About This Author
A changeling spirit,
constantly evolving,
revolving around an inner core,
spinning forth legend and lore,
stories and lives
as I come to grips
with who and what I am,
have been and may be.
I am a phoenix:
rising ever above and beyond!
Ka Mua
First star, no Venus,
but a star
whose light was belched out in gassy mass
eons ago, long before
this island spewed forth in magma from the sea
winks between twin palms.
First night, the first to appear,
a tear, perhaps
beneath a Cheshire moon.
Or perhaps, as days sped by
overflowing in memories and pictures taken,
a bright wish to return
to where whales cavorted and danced upon the waves,
where mere words faltered to describe
and the thesaurus fell closed with a whimper.
New pronunciations and an appreciation for sound and meaning
bloomed as ohana evolved, revolved
and spun quick magic:
forming a bond, tying us together,
becoming a thread no distance can sever.

Moon blossomed
as the star edged closer to the northern palm.
Time shrunk then stretched;
much like the endless tides that wait upon no man,
but ebb and flow and it all became
but a moment's perspective
in how one viewed isolated breaths:
when molten lava
spewed into the sea or
a whale breached or a coconut fell.
E hele mai i ka hale hou
Come home again
rustles in the broad leafed plants outside my window,
splashed in incoming waves
and whispered in the wind as the moon waxed.

Maui cast his magic hook and we are caught -
fighting neither capture or the fact
that we are released: for if we do not leave we cannot
then return. Part of the eternal dance,
the music reverberated within,
a drumming of the heart, a rhythm of being,
a wanting becoming a wish becoming a desire...
becoming.
Images float, blithely. Circling, spinning,
blooming into insight, petal-ing out in fragrant streams
keeping memory in the fore, a lei encircling,
ensorcelling for we are truly bewitched.
May the spell never be broken.

Aloha means more than goodbye or hello or love:
it is a way of giving, a way of living,
a way of being. Having been bathed in aloha
there is no going back to the before,
rather a bringing of it with us where ever our footprints lead.
Aka, alaila pau ka mea he poai nei
(But then all is a circle)
and our circle shall close
to run upon itself endlessly as the sea
when we return, reeled in by Maui,
to our home within home.


~~*~~

In the Hawaiian language,
a is pronounced ah,
e is pronounced like long a
I is pronounce like long e
o is pronounced like long o
and u is pronounced like 00 in room.

Every vowel is pronounced; each syllable being a consonant and a vowel or simply, a vowel.

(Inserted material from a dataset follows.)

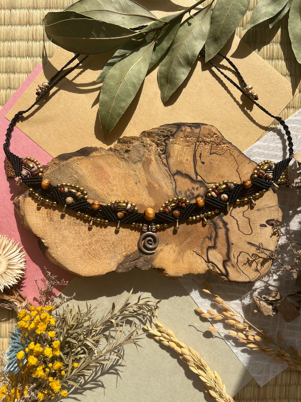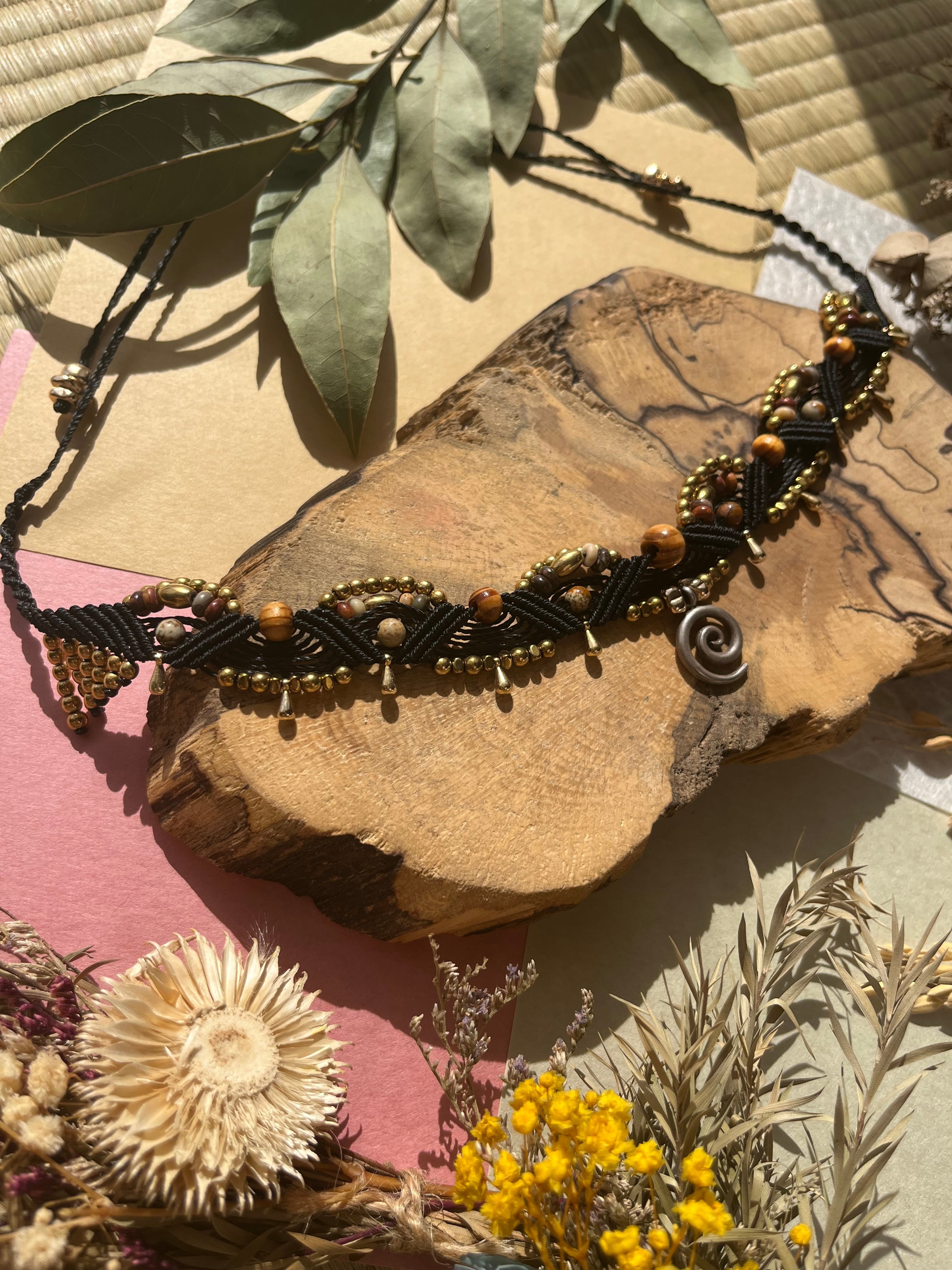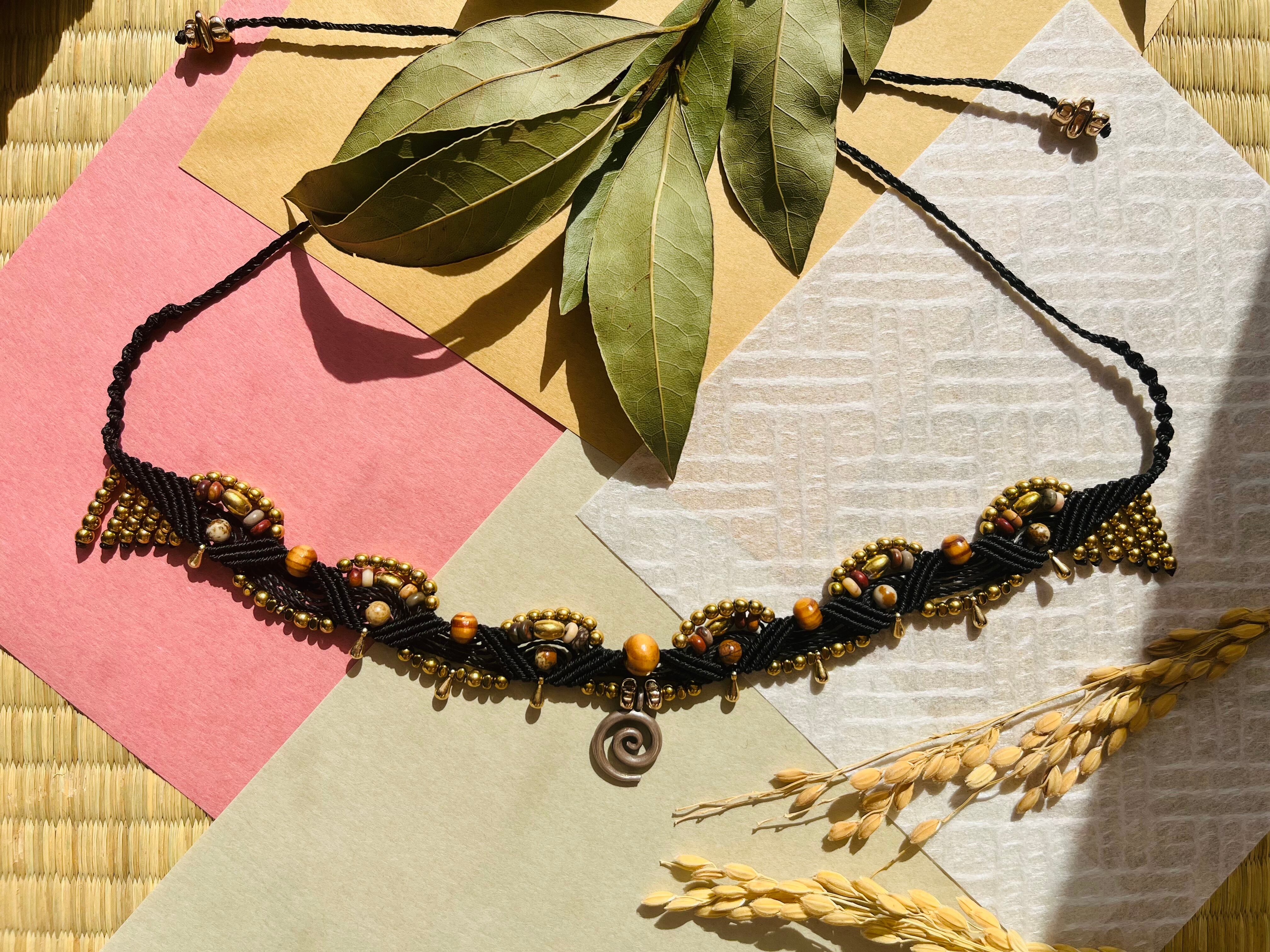 特別な日からカジュアルなシーンまで、幅広く活躍するチョーカーです。手作業で丹念に作られたこのアイテムは、天然素材の温かみを感じることができます。あなたのスタイルを際立たせるだけでなく、心にも癒しを与えるアクセサリーです。

The kahuna David Bray interprets this code as "Come forward, be in unity and harmony with your real self, God, and mankind. Be honest, truthful, patient, kind to all life forms, and humble." He also stated that to the Hawaiian of old, Aloha meant "God in us."
So far, within Aloha, we have found an explanation of our place in the world and a code of ethics to help us with our interactions in the world. The only thing we are missing is our "prime directive" while we are here, and that too can be found within the root words that make up Aloha.
alo, 1. sharing 2. in the present
oha, joyous affection, joy
ha, life energy, life, breath
Using Hawaiian language grammatical rules, we will translate this literally as "The joyful sharing of life energy in the present" or simply "Joyfully sharing life".